The corresponding CSV files can be found in the test/results/ directory of the supplementary archive.

Plots

The following two plots visualize the differences in runtime when using and when not using refinement selection for the device driver programs. The default approach is drawn in red, the graph using refinement selection is green. Tasks that ran out of memory are omitted here.

The first plot compares the run times of the default approach with those when using refinement selection, by aligning the benchmark task on the x-axis sorted by their respective CPU time consumed when using the default approach. Hence, the first data point denotes the shortest, the last the longest time needed for obtaining a result with the default approach. One can see that the green line (with refinement selection) is often times significantly lower then the red line (without refinement selection), especially for tasks to the far right on the x-axis, that lead to a timeout (consume more than 900 seconds CPU time) for the default approach, but can be solved with refinement selection.

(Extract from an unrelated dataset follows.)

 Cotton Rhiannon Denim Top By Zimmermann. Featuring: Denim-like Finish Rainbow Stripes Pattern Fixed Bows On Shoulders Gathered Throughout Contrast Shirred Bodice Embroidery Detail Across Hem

The second plot is based on the identical data as the first, but benchmark tasks are sorted on the x-axis by their respective CPU time consumed when performing refinement selection. Similar as in the first plot, one can see that for several tasks that can be solved using refinement selection (green line), the default approach (red line) exceeds the timeout of 900 seconds of CPU time.

Reproducing the Results

In order to reproduce the results, download the supplementary archive (320 MB) and follow the steps below.

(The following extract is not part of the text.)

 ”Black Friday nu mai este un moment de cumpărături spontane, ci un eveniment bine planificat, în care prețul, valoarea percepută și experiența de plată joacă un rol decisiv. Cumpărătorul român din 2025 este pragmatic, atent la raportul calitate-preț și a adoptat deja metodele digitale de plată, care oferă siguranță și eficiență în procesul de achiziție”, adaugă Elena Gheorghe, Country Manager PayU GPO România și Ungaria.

Linux is required to run the experiments because the SMT solver used by CPAchecker (MathSAT5) is only available for Linux. CPAchecker requires that the amount of memory used for the Java heap is set according to the memory of your machine. If this parameter is higher than the available memory, the JVM will not start. For the results in the paper, a value of “12000m” was used; the whole process (including the RAM that was used by the SMT solver) was limited to 15 GB of RAM.

How to run CPAchecker on a single program

CPAchecker can be executed on a single program by using the shell script (scripts/cpa.sh).

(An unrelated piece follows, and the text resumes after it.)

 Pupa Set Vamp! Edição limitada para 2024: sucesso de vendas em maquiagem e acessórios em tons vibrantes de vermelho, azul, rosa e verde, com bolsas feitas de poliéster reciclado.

  1. The Java heap size limit is defined on the command line by setting the heap parameter, e.g., -heap 12000m. If you have less than 16GB of RAM (or if not enough memory is free on your machine), you need to adjust this number by changing -heap 12000m to a value adapted to your environment.
  2. Run the shell script scripts/cpa.sh, for example, like this:
    scripts/cpa.sh -disable-java-assertions -noout -setprop log.consoleLevel=WARNING -heap 12000M -skipRecursion -ldv -setprop analysis.checkCounterexamples=true -setprop counterexample.checker=CPACHECKER -setprop counterexample.checker.config=config/predicateAnalysis-as-bitprecise-cex-check.properties -setprop cpa.value.refiner.prefixPreference=DOMAIN_BEST_DEEP -setprop cpa.predicate.blk.threshold=1 -setprop cpa.predicate.abstraction.computation=CARTESIAN -timelimit 900s -stats -spec test/programs/PropertyERROR.prp test/programs/ntdrivers/diskperf_false.i.cil.c
  3. For the set of device driver programs, you also need to add the parameter -64.
  4. The results (log files and data) will be placed in the directory output/.

How to run CPAchecker on a set of programs

CPAchecker can be executed on a set of programs by using the benchmarking script (scripts/benchmark.py). You can find the input file for the benchmarking script (test/test-sets/ldv_refineSelect.xml) in the supplementary archive.

  1. The Java heap size limit is defined in the benchmark definition XML file. If you have less than 16GB of RAM (or if not enough memory is free on your machine), you need to adjust this number by changing the following line in the file: <option name="-heap">12000m</option>
  2. Run the benchmark script scripts/benchmark.py with the benchmark definition file. Example: scripts/benchmark.py test/test-sets/ldv_refineSelect.xml
  3. The results (log files and data) will be placed in the directory test/results/.